1.23 Cyber security measures and procedures considered appropriate in this guidance are those that focus primarily on terrorists, hackers, hacktivists and cyber criminals, and deliver value for money. This must be in keeping with a business case derived from robust Cost-Benefit Analysis (CBA) based on the ALARP principle, where likely benefits are considered to outweigh costs, while maintaining efficient and effective service. Risk management should be based on the ALARP principle. Benefits should focus on improved resilience.

1.24 For the purposes of this guidance, resilience should be considered to comprise:

- Reduction on the likelihood of attack, through good multi-layered design (defence in depth) and robust operational and maintenance procedures, with consideration given to the defence-in-depth principle, single points of failure and the role of non-cyber related fail safes.

- Mitigation against disruption and failure once systems come under attack, through development, testing and maintenance of robust contingency plans.

- Management and monitoring of the effectiveness of systems and procedures, to ensure optimum performance, and early warning of attack.

- Contingency, recovery, and continued operation of the rail network.

- The ability to facilitate investigation by police (and others) as far as practicable given the need to return the network to normal operation as a priority.
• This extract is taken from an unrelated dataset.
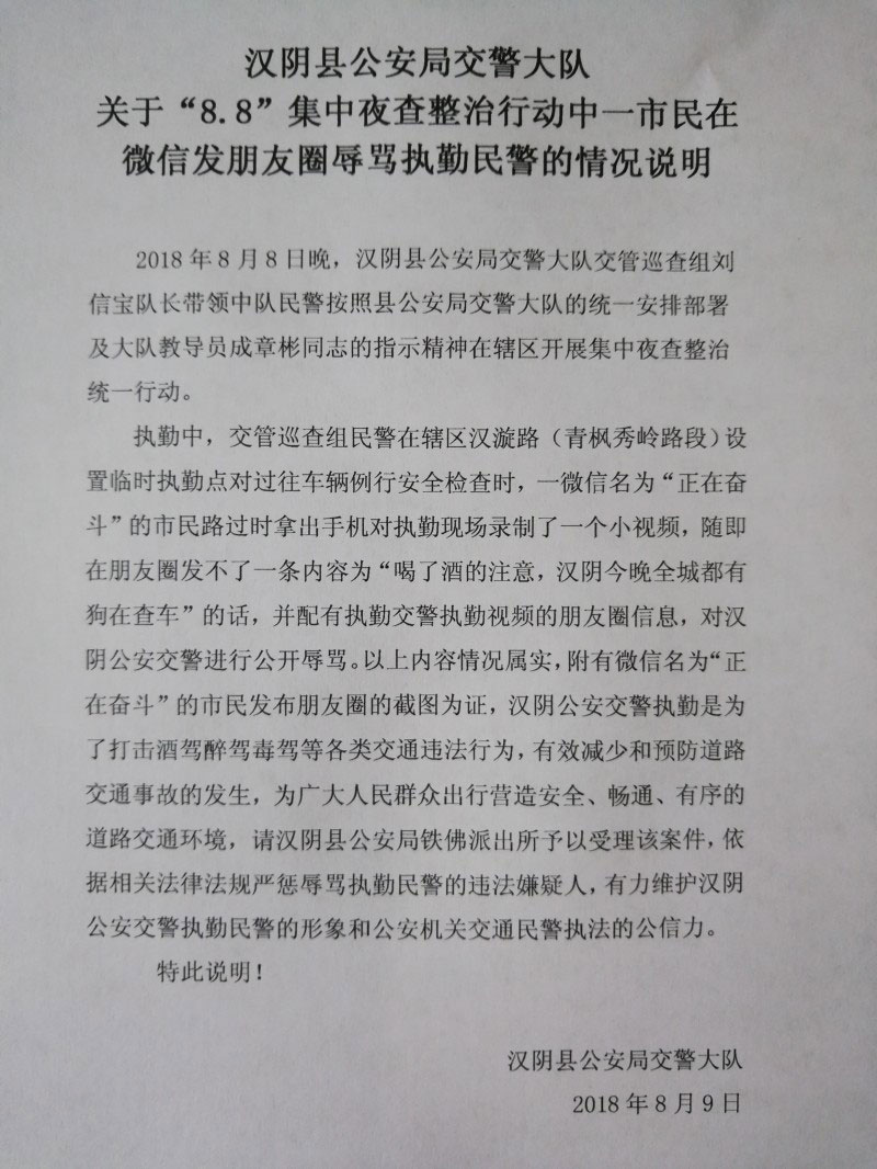 8月8日晚,漢陰縣公安局鐵佛派出所民警接到網(wǎng)友舉報(bào),稱有一名網(wǎng)名叫“正在奮斗”的網(wǎng)友在朋友圈發(fā)布內(nèi)容為“喝了酒的注意,漢陰今晚全城都有狗查車”的辱警信息。接到報(bào)警后,鐵佛派出所民警立即開展行動(dòng),不到48小時(shí),迅速查處一起尋釁滋事案件。經(jīng)調(diào)查,微信網(wǎng)友“正在奮斗”的真名叫郭某全,1985年出生,住漢陰縣城關(guān)鎮(zhèn)某小區(qū),正是發(fā)布該辱警信息的違法行為人。

2. Protecting infrastructure and rolling-stock systems.

This guidance applies to electronic and software driven systems in use on rail (referred to as cyber systems in this guidance), including:

- new systems being introduced.

- legacy and current systems – defined respectively as technologically obsolete systems still in operation and current systems in operation mid-lifecycle.

This guidance applies to:

- operational (control and command systems) including signalling systems, The European Rail Traffic Management System (ERTMS), on-train systems and maintenance systems.

- business (corporate systems), with particular reference to their role as an interface to operational systems.

- shared systems (those co-owned by other organisations).

While operational systems and business systems are separate systems, industry should strive to bring controls as close together as possible (taking into account what is feasible, proportionate and appropriate) The Purdue Enterprise Reference Architecture (PERA) model provides a reference model for understanding cyber systems at an enterprise level. (pera.net).

Operational systems are those systems which are directly responsible for the functioning of the railway network infrastructure and rolling-stock. Business (corporate systems) are those systems that support the running of businesses in the industry or provide direct passenger interface.


Risk assessment and management.

All organisations managing security risks on behalf of rail industry staff and travelling public should have a formal and comprehensive risk management system in place. Specific areas to consider are:

- governance.

- cyber security in rail systems.

- legacy/current and whole life-cycle systems.

- third party systems.

- review and future proofing.

- communication and co-operation.

- interfaces.

- personnel capability/training.


Governance.

2.1 The overall governance of risk management in an organisation lies with corporate management, who are responsible for setting the overall approach, risk appetite and responsibilities.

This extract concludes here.